Exercise requirements => In the listing that follows, find the line with "給食室手作りのなめ茸と、スチ", then copy exactly from it through the line with "Mas o que realmente", leaving out every picture.

Information shown =>
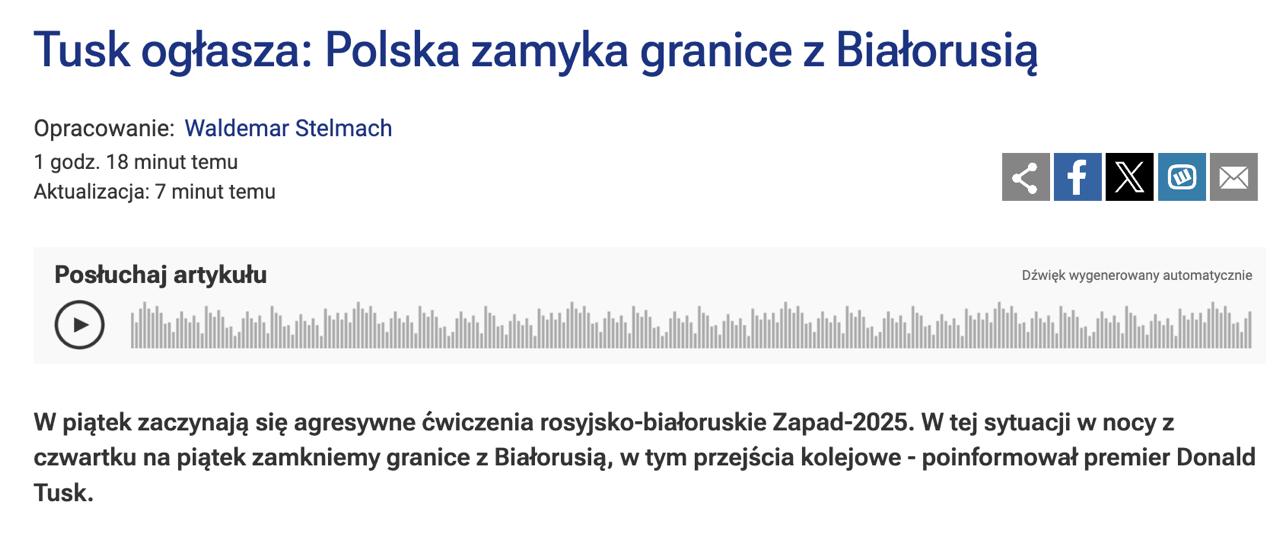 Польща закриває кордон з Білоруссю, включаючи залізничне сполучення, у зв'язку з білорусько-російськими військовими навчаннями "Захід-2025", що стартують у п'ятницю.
--
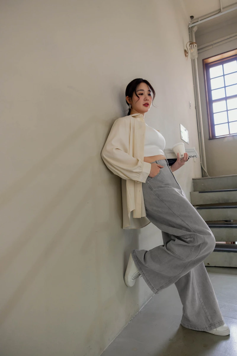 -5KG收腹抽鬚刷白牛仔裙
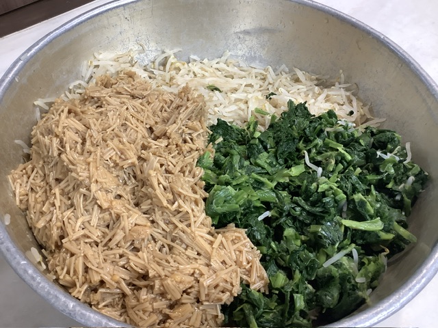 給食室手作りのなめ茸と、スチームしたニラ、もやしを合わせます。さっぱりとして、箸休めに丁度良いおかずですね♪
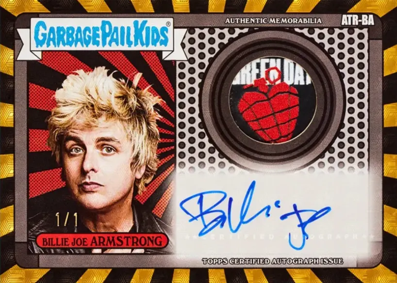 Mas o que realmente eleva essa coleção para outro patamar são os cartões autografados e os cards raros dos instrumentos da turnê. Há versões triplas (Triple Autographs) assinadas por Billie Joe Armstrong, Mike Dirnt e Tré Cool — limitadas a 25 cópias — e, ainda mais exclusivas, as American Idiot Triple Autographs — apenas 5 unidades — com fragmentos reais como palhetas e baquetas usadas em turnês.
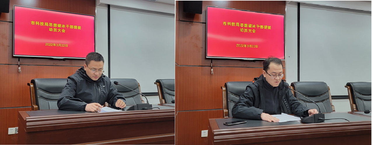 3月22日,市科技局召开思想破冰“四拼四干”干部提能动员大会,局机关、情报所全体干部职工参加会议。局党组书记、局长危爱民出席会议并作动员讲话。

Reply to the task =>
 給食室手作りのなめ茸と、スチームしたニラ、もやしを合わせます。さっぱりとして、箸休めに丁度良いおかずですね♪
 Mas o que realmente eleva essa coleção para outro patamar são os cartões autografados e os cards raros dos instrumentos da turnê. Há versões triplas (Triple Autographs) assinadas por Billie Joe Armstrong, Mike Dirnt e Tré Cool — limitadas a 25 cópias — e, ainda mais exclusivas, as American Idiot Triple Autographs — apenas 5 unidades — com fragmentos reais como palhetas e baquetas usadas em turnês.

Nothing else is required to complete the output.